Wallace said consumers’ tastes for high-proof beers are mounting. But the amount of commerce conducted in Iowa is largely dependent on “how much the state wants to get in the beer business,” he said.

Based in Ankeny, the Iowa Alcoholic Beverages Division (ABD) regulates the distribution of the high-alcohol-content beer, traditionally referred to as malt liquor, said Lynn Walding, the agency’s administrator. The ABD imports the products to its warehouse, then sells them to approximately 630 outlets that are licensed by the state to sell high-proof beer, he said.

Doug Alberhasky, store manager of John’s Grocery Inc., one of the ABD’s Class E license holders in Iowa City, said he has been frustrated by the organization’s administration.

For example, Alberhasky said, in 2008 he placed a special order with Brewery Ommegang, based in Cooperstown, New York.

On Dec. 19, Alberhasky said, the ABD loaded a truck with approximately 60 cases of beer, which included the special order and other high-proof brews regularly stocked by the state. But by the time it arrived at his Iowa City grocery on Monday, due to sub-zero temperatures across the state that weekend, the beer was frozen.

“The citizens of Iowa lost $6,000 that day,” Alberhasky said, “because somebody didn’t realize that beer would freeze.

“I refused it; I wouldn’t let the driver take it off the truck,” he said, adding that he was credited by the state for the ruined shipment.

“We distribute more than $200 million of product every year,” Walding said, which is “not to say that we don’t occasionally make a mistake.” He said the agency has no more and no fewer problems with storage and distribution than a private distributor does.

Last summer, in an effort to address some of the issues revolving around the distribution process, Iowa Sen. Joe Bolkcom (D-Iowa City) called a meeting at John’s Grocery. The Aug. 7 discussion included Alberhasky, Walding, Jim Clayton of the Iowa Alcoholic Beverages Commission and other players in the industry.

Walding said he thinks the meeting was productive, adding that he walked out of the room with a more complete understanding of “issues that can be addressed and better ways of providing services.”

One of those issues includes a lack of refrigeration to cool non-pasteurized beer in the ABD’s 150,000-square-foot warehouse at 1801 Hulsizer Road.

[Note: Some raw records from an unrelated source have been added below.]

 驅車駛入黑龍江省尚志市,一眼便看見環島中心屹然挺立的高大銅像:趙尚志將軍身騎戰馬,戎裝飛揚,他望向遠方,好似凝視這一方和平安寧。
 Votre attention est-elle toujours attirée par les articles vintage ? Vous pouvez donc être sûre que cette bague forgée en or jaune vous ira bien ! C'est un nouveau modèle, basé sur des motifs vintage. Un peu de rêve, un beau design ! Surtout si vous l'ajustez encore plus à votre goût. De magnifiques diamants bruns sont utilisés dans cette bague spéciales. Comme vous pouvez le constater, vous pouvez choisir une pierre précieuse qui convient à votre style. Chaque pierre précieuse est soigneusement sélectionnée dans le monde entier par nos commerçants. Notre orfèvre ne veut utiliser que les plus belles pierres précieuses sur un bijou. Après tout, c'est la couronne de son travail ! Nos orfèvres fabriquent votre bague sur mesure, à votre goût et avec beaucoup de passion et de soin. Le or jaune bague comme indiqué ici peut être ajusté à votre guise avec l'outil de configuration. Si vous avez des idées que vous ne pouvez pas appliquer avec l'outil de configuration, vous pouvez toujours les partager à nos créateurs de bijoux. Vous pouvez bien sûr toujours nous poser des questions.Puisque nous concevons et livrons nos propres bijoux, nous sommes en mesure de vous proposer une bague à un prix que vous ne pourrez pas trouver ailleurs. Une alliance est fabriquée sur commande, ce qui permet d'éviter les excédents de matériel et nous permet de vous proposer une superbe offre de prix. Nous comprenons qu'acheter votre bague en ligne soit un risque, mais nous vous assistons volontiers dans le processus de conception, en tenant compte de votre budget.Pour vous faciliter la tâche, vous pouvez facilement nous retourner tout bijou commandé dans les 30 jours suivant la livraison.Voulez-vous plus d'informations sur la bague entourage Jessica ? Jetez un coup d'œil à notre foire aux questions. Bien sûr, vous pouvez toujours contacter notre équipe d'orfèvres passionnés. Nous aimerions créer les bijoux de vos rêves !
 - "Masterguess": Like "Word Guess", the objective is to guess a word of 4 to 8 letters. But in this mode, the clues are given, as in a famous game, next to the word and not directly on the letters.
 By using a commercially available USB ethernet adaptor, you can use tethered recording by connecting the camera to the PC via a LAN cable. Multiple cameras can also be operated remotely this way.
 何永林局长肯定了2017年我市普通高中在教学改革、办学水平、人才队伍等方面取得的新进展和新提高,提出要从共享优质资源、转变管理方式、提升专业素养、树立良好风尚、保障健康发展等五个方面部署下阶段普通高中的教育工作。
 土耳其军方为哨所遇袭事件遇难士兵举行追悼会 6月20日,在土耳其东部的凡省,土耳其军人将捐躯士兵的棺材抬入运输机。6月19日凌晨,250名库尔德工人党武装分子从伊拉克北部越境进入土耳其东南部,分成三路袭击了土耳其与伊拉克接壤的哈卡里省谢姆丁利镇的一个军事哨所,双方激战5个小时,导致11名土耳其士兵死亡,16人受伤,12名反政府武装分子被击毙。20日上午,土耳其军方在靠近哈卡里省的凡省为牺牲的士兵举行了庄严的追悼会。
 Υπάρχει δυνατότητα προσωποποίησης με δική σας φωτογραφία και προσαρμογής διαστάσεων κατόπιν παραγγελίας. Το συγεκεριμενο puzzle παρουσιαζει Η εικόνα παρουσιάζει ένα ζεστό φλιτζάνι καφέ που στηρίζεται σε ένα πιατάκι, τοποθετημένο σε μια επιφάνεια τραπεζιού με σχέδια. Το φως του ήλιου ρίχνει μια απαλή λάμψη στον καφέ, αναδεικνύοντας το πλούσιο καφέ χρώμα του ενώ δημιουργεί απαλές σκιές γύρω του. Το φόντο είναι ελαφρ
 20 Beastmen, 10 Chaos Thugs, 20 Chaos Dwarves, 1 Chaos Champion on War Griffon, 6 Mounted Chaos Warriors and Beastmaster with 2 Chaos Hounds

Funds for that upgrade couldn’t be procured due to state budget cuts, Walding said, adding that the ABD hopes to implement the improvement in the near future.

Though the process of procuring high-proof beer can be time-consuming, Wallace said it’s fairly easy for his company to work through it, considering how long Merchant du Vin has been in the business.

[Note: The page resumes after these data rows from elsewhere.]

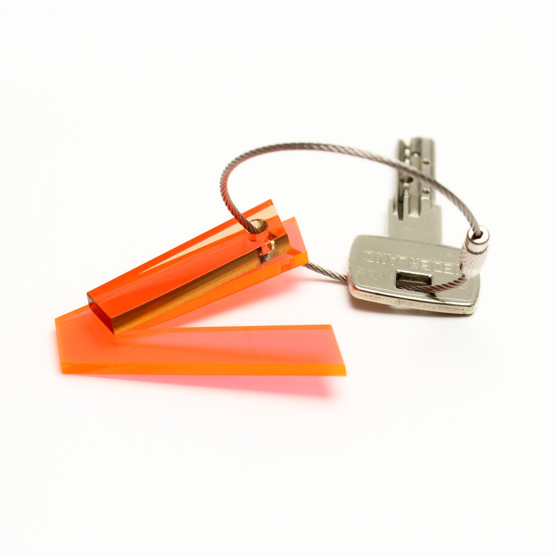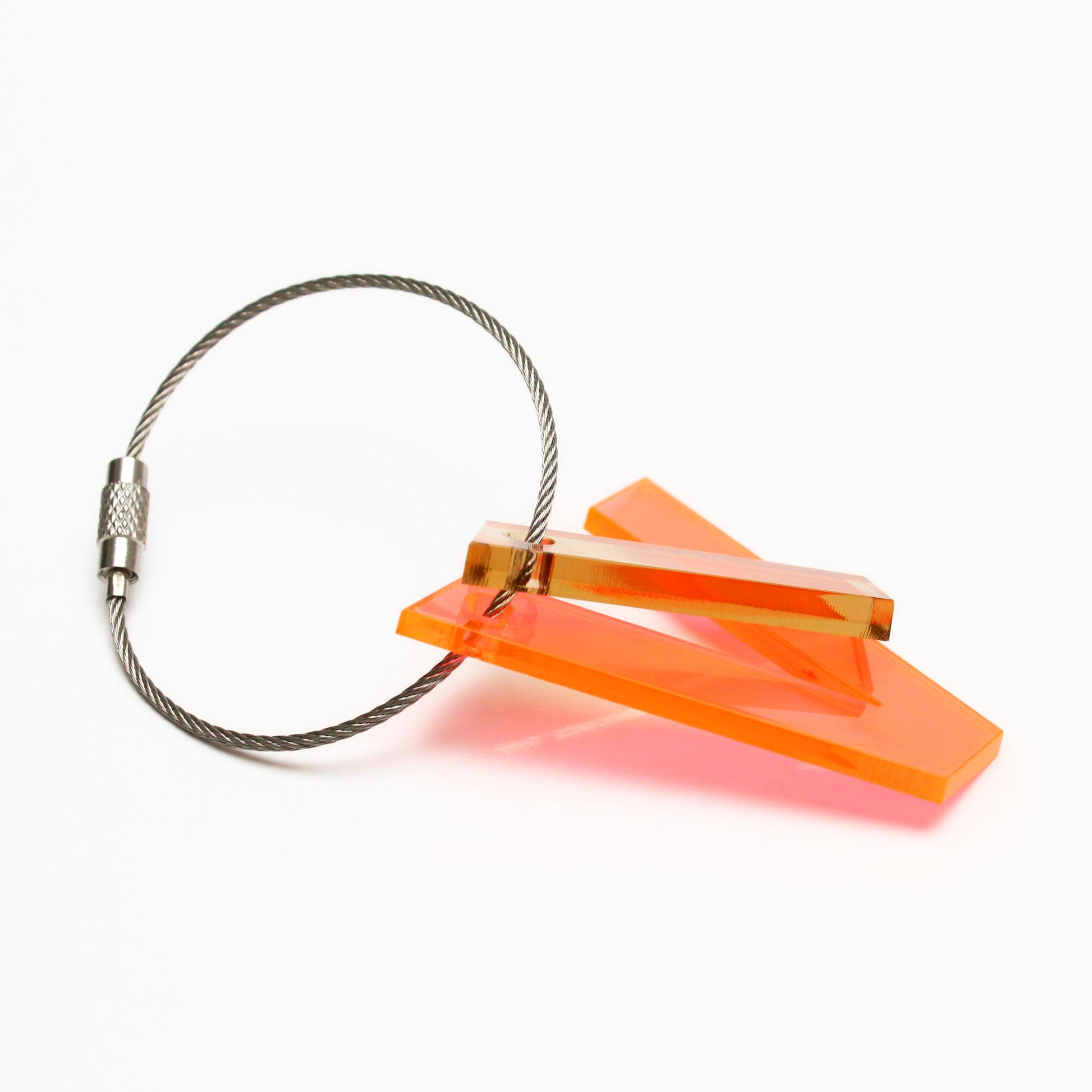 These key chains made from different acrylic leftovers; mounted on a stainless steel wire, add a playful element to your keychain.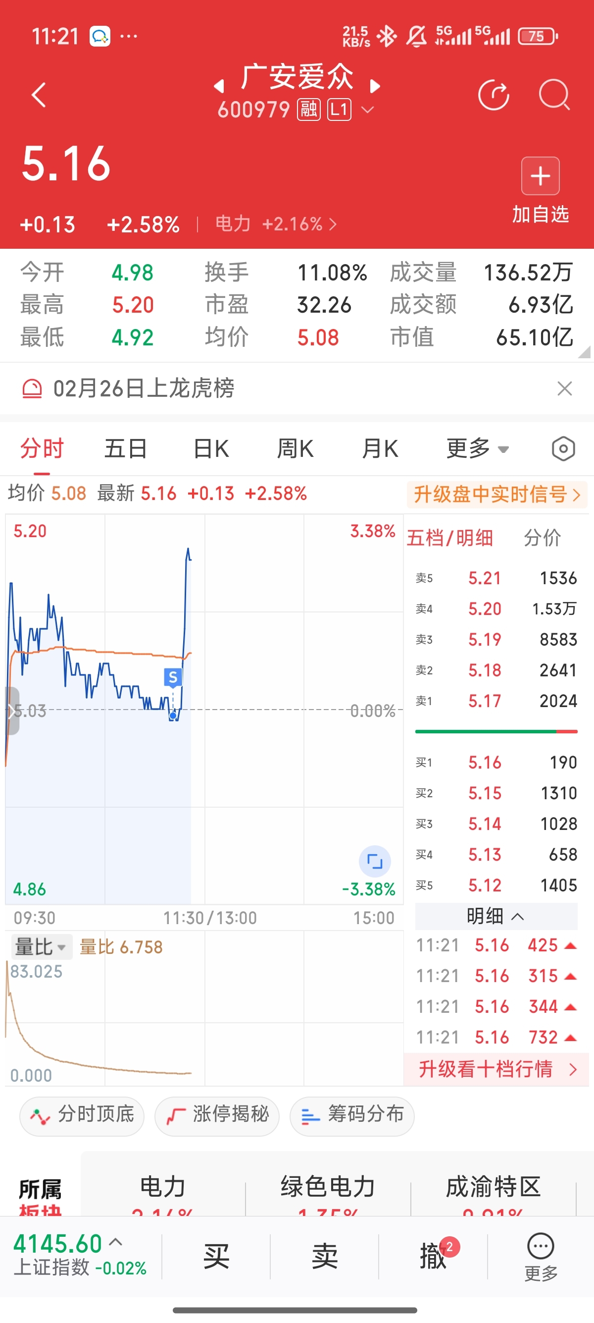 $广安爱众(SH600979)$ 昨天买赚6个点,刚跑就拉升,本来想换算力概念股的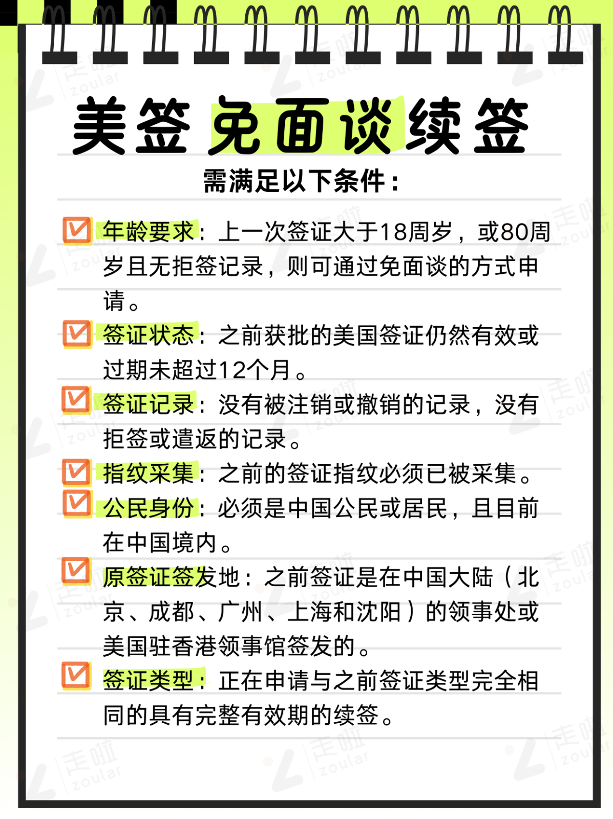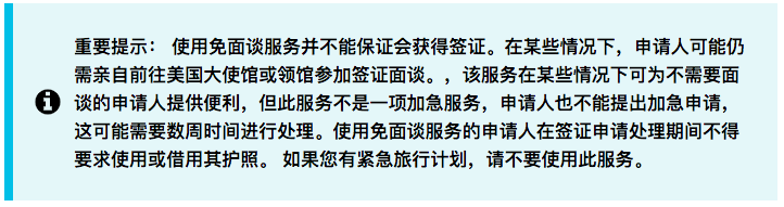 - 申请免面谈续签并不能保证一定会获得签证,在某些情况下,仍可能需要申请人前往领馆面谈。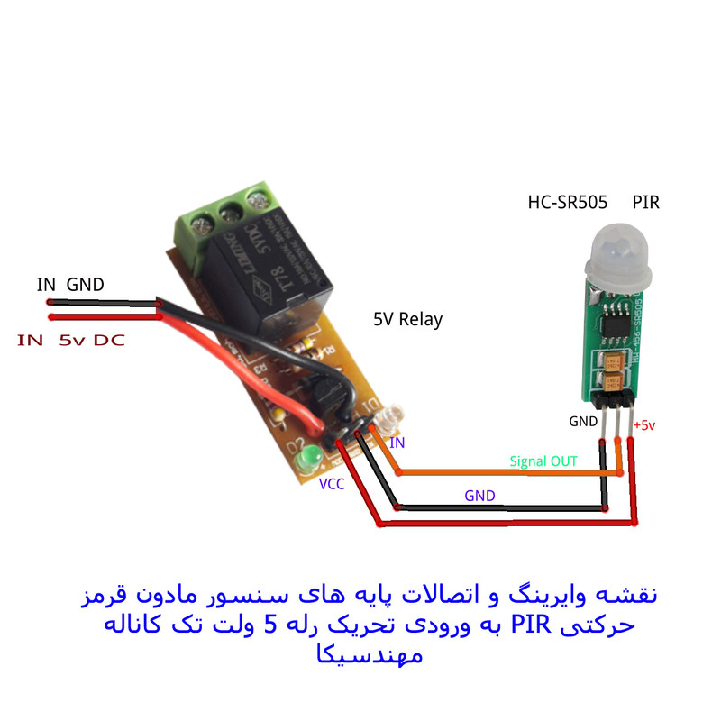 سیم فلت مادگی به مادگی 3 عدد ماژول رله تک کاناله 5 ولت DC یکعدد سنسور مادون قرمز پسیو یکعدد
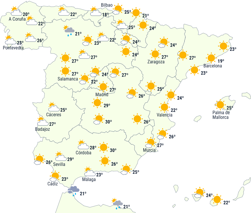 Der forventes højtliggende skyer over den nordvestlige del af Den Iberiske Halvø, som gradvis vil forsvinde, så det klarer op, dog med enkelte lavthængende skyer, især i de centrale og sidste timer af dagen.

But some producers, he said, don’t want to deal with the “lag time” in getting orders processed. “I just don’t think the state is used to the demand right now,” Wallace said.

“I’ve heard both good and bad” things about what measures are being taken to improve the process, Alberhasky said.

“High-proof beer was largely ignored until about two or three years ago,” Walding said.

“The current system allows the high-proof beer to reach out to all corners of the state,” he said. “We actively try to meet the market demand” for the product.

The ABD carries a minimum of 50 different high-proof beers today, compared to zero varieties 18 months ago.